Eliminate certutil dependency. The original uses certutil -encode to convert binary sidecar file data to Base64 strings. Python's base64.b64encode() does this natively and portably.

Simplify type detection. The original iterates through all keys in $MetadataFileParser.Identify and matches each file against regex pattern arrays. This is fine algorithmically but the Python port should express this as a clean mapping structure (a dict of {type_name: [compiled_regex_patterns]}) rather than the deeply nested ordered hashtable structure of the original.

The DeleteQueue pattern (accumulate paths during traversal, delete after completion) is sound and should be preserved. In Python this is simply a list[Path] built up during traversal and iterated at the end with Path.unlink().

8. Output Object Construction & Schema

What It Does

Assembles a structured data object (the "index entry") for every file and directory processed. Each entry contains identity fields (_id, Ids, NameHashes, ContentHashes), filesystem metadata (Name, BaseName, Extension, StorageName, Size, IsDirectory, IsLink), relationship fields (ParentId, ParentIds, ParentName, ParentNameHashes), timestamps (TimeAccessed/Created/Modified, UnixTimeAccessed/Created/Modified), child items (Items array for directories), and extracted metadata (Metadata array).

The original output schema also includes an Encoding key (a complex object describing file encoding properties from BOM detection). This key is being intentionally dropped from the ported software.

Where It Lives (Original)

Function	Role
`MakeObject`	The core builder. Contains a massive `switch` on `$ObjectType` (`makeobjectfile`, `makeobjectdirectory`, `makeobjectdirectoryrecursive`) that constructs `[PSCustomObject]@{...}` with all schema fields. Repeated near-identically across 5+ switch branches.
`VariableStringify`	Null-safe string conversion used before inserting values into the output object
`GetFileEncoding`	BOM byte inspection for the `Encoding` field (being dropped)

Python Modules

Module	Usage
`dataclasses`	Define the output schema as `@dataclass` classes with type annotations; provides `asdict()` for JSON serialization. Strongly preferred for a project of this scope.
`pydantic` (third-party, optional)	Alternative to dataclasses with built-in validation, JSON schema generation, and serialization. More powerful but heavier dependency. Worth considering if schema validation against legacy consumers is important.
`typing`	Type annotations for nullable fields, union types, and recursive structures (`Items` referencing the same schema)

Improvement Notes

Eliminate the ObjectType switch duplication. The original MakeObject constructs the output object inside a switch statement with 5+ branches (makeobjectfile, makeobjectdirectory, makeobjectdirectoryrecursive, plus default branches). The actual fields are nearly identical across all branches — the only differences are: directories get Items = @() while files do not, and recursive directories get Items = @() for later population. The Python port should define one IndexEntry dataclass and conditionally populate Items and Metadata based on item type. One class, one construction path.
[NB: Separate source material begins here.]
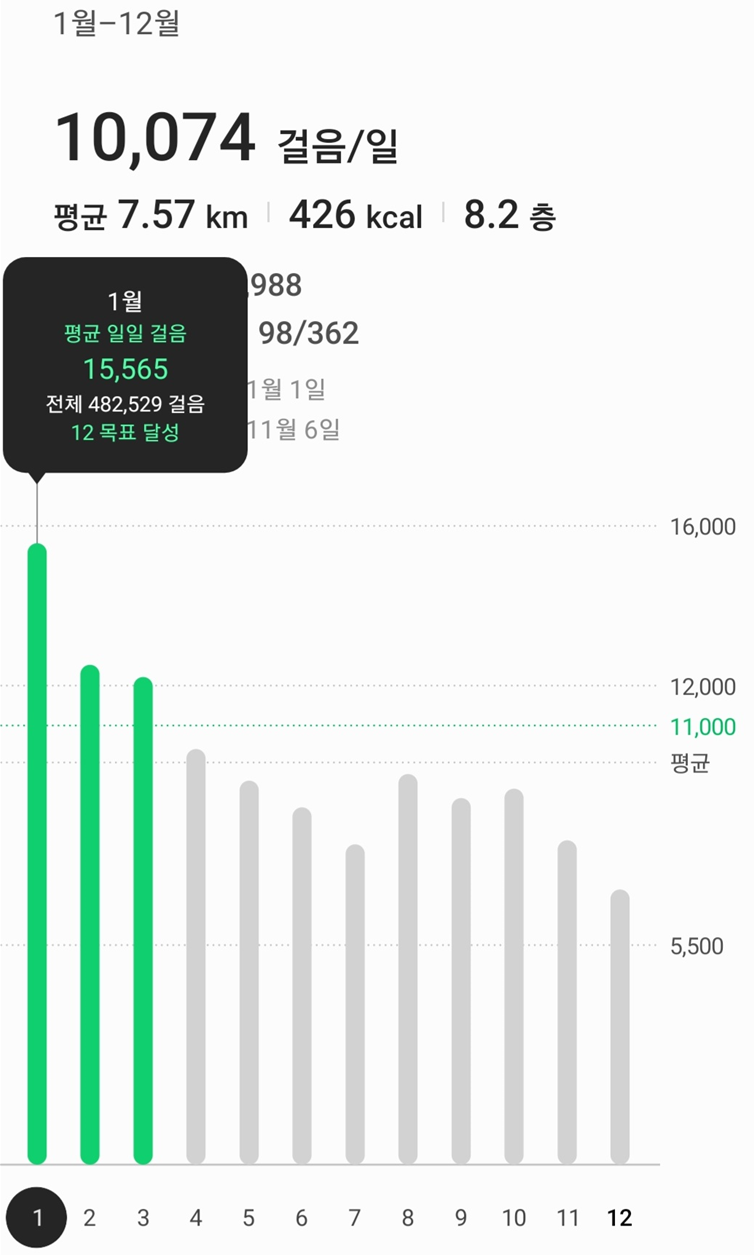 돌아보면 1월이 가장 심적 고통이 고통이 최고조에 달했었고, 자존감을 찾고자 무던히도 노력했기에 열세 권이라는 책과 함께 걷기 또한 482,529보를 달성할 수 있었다.

Drop the Encoding key. As specified. The GetFileEncoding sub-function (BOM byte inspection) and all $IEncoding variable assignments are omitted from the port. For backward compatibility, the output schema can include "Encoding": null for all items if legacy consumers expect the field to exist. Alternatively, omit it entirely and let legacy consumers handle the missing key. This is a project decision to be made when we address backward compatibility testing.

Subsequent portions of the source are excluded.